(YOUR OBJECTIVE): Retype word for word the stretch of entries below from the line that has "Blick vom Eingang" through the line that has "Para esta receta", and omit the pictures.

(DATA PROVIDED):
- - - - - - -
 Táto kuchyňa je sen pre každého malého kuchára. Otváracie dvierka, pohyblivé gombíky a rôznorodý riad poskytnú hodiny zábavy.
- - - - - - -
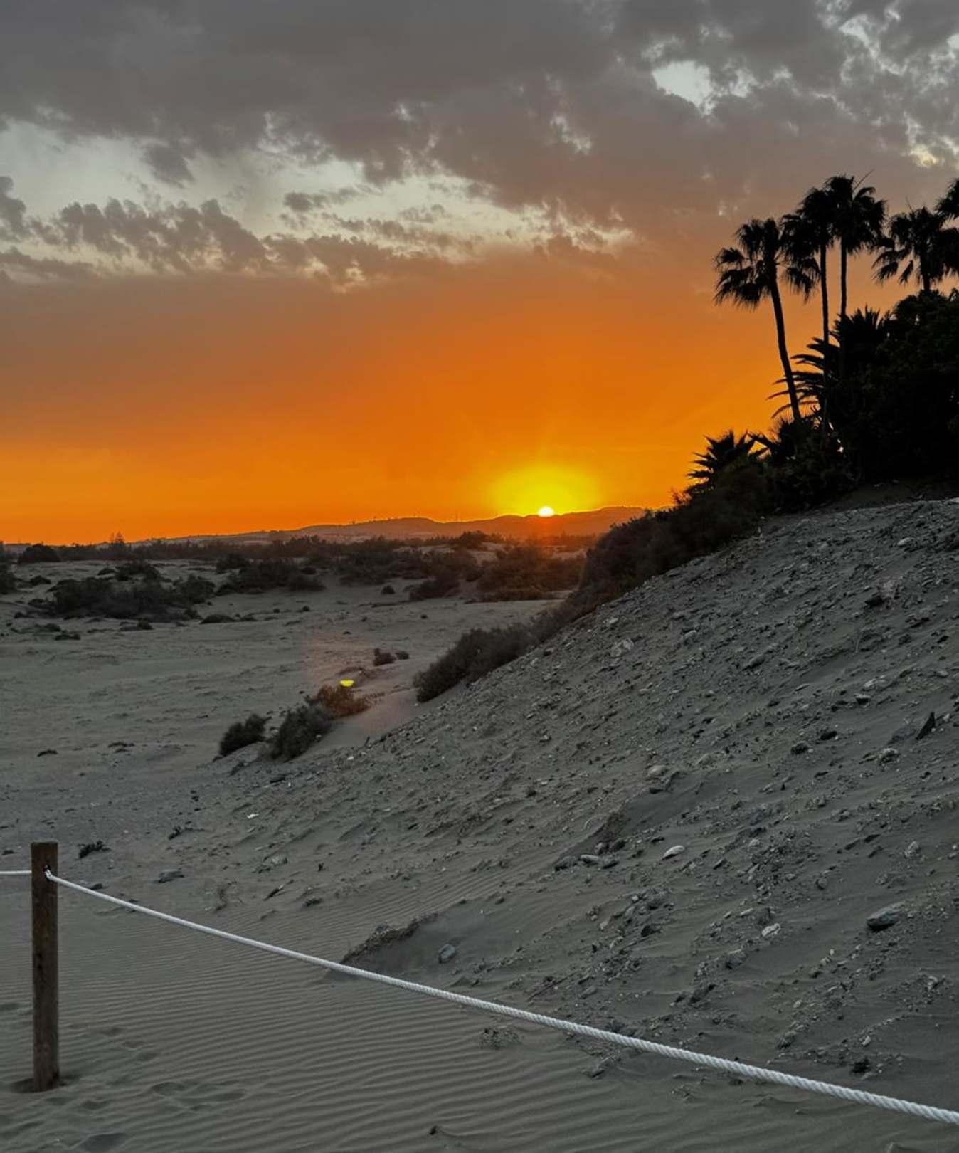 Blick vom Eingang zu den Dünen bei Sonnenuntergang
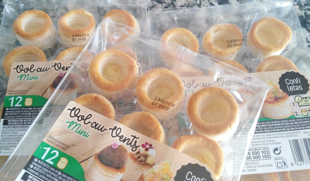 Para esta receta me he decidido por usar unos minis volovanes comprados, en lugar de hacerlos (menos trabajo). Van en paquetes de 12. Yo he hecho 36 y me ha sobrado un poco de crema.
- - - - - - -
(ANSWER BOX):
 Blick vom Eingang zu den Dünen bei Sonnenuntergang
 Para esta receta me he decidido por usar unos minis volovanes comprados, en lugar de hacerlos (menos trabajo). Van en paquetes de 12. Yo he hecho 36 y me ha sobrado un poco de crema.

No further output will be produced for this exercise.